Sunday afternoons should revolve around family

This past weekend brought a huge gush of fond memories about what Sunday afternoons were meant to be. I won’t keep you guessing.  Sunday afternoons should revolve around family.

In my much younger days, Sunday afternoons brought a fairly rare car ride from our house at Sutter Siding, along the Illinois Terminal Railroad Tracks in southern Tazewell County, to nearby Minier.

My Uncle Poddy, my mom’s brother, lived in Minier and would often drive the 10 miles or so to our country home to chauffer us here and there.  That was after my dad had died when I was 7 years old.  He never drove or owned a car and my mom never owned a car, mainly because she didn’t drive.

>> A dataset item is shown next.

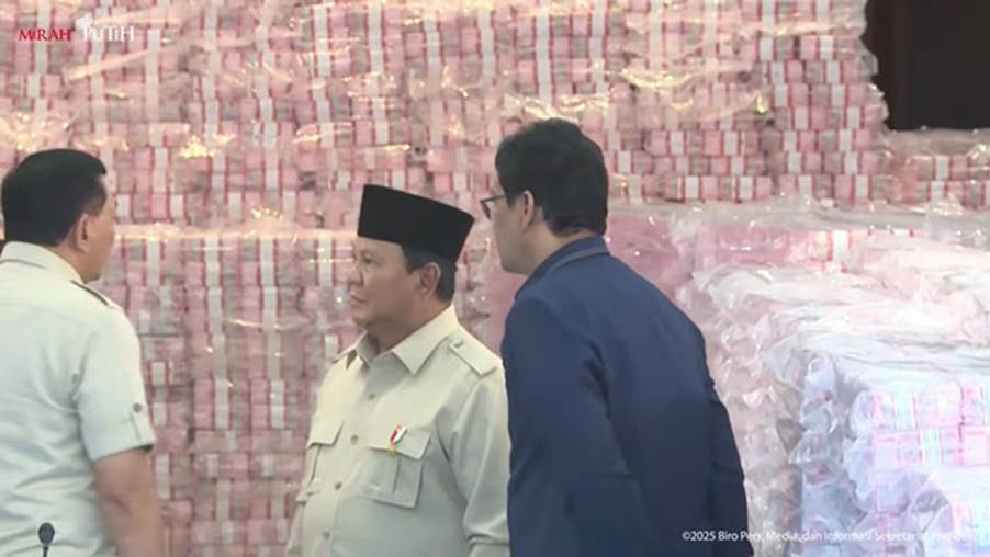 Begitu tiba, Prabowo langsung mendatangi tumpukan uang tunai Rp 6,6 triliun tersebut. Dia tampak sempat berbincang sebentar dengan Menhan dan Jaksa Agung.
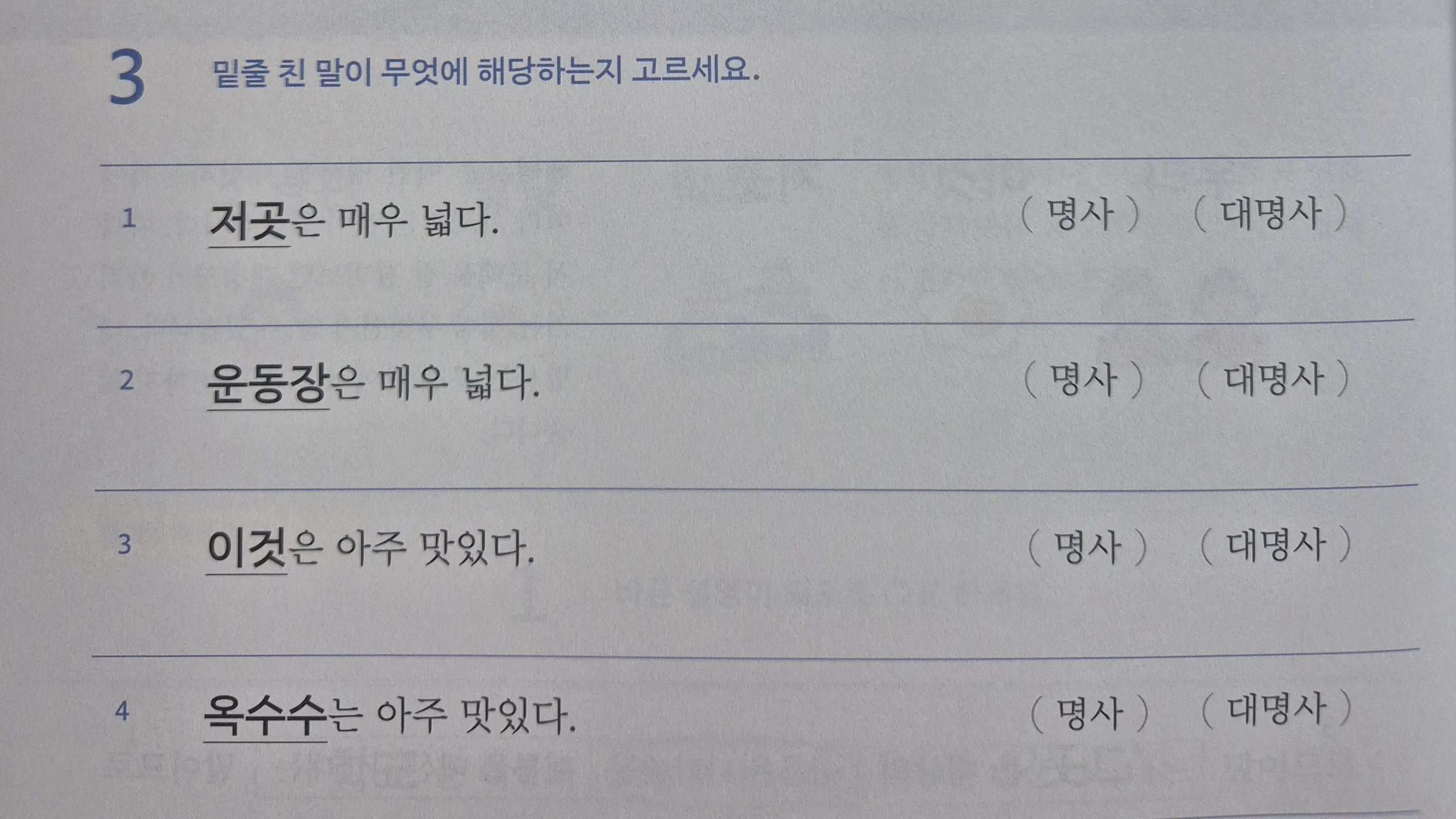 각 단어의 품사를 말해 보아요.

I never once thought of us as being stuck in our country home because we lacked a car or driver.  It simply was how my siblings and I were brought up.  And Uncle Poddy never failed to come to the rescue if we truly needed to go somewhere.

He’d often pick us up on Saturday and Sunday evenings to go to his house to watch television, a gizmo that, just like an automobile, our family had yet to acquire.  The weekend evening television lineup was amazing, everything from “Have Gun Will Travel,” “Gunsmoke,” “The Wonderful World of Disney” and “The Ed Sullivan Show” to name a few.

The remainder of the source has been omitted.